Member of Legislative Council Andhra Pradesh
- Incumbent
- Assumed office 30 March 2025
- Preceded by: I. Venkateswara Rao
- Constituency: East Godavari-West Godavari Graduates Constituency

Personal details
- Born: Kakinada, Andhra Pradesh, India
- Party: Telugu Desam Party
- Profession: Politician

= Perabathula Rajasekharam =

Politician from Andhra Pradesh

Perabathula Rajasekharam (born 1972) is an Indian politician who is member of the Andhra Pradesh Legislative Council from East and West Godavari Graduates Constituency representing Telugu Desam Party.

==Political career==
Rajasekharam started his political career by joining in Telugu Desam in 1998 and was elected as Mandal Praja Parishad president in 2006 and as a ZPTC in 2014. He aspired for the TDP ticket from Kakinada Rural constituency in the 2024 Assembly Elections, but the seat went to TDP’s alliance partner Jana Sena.
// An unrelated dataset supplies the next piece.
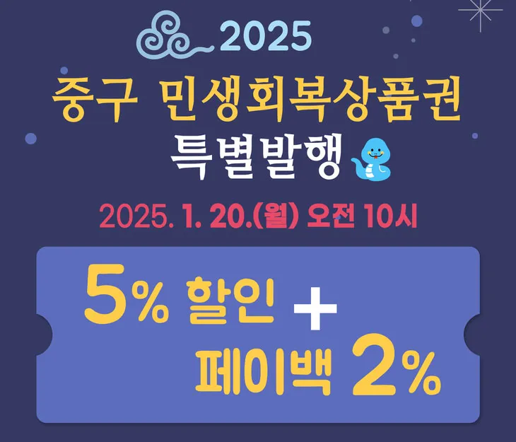 서울 중구가 설 연휴를 앞두고 40억원 규모의 ‘민생회복상품권’(포스터)을 특별 발행한다고 15일 밝혔다. 경기 침체로 주민들의 소비 심리가 크게 위축된 가운데 경제적 어려움을 겪는 소상공인을 돕기 위해서다.

Perabathula Rajasekhar was named as Telugu Desam Party’s candidate for East and West Godavari districts Graduates’ constituency in November 2024. Elections were held on 27 February 2025 and the votes were counted on 5 March 2025 where he defeated his nearest rival PDF candidate DV Raghavulu with a majority of 77,460 votes. Rajasekhar secured 1,12,331 votes, DV Raghavulu with 47,241 votes.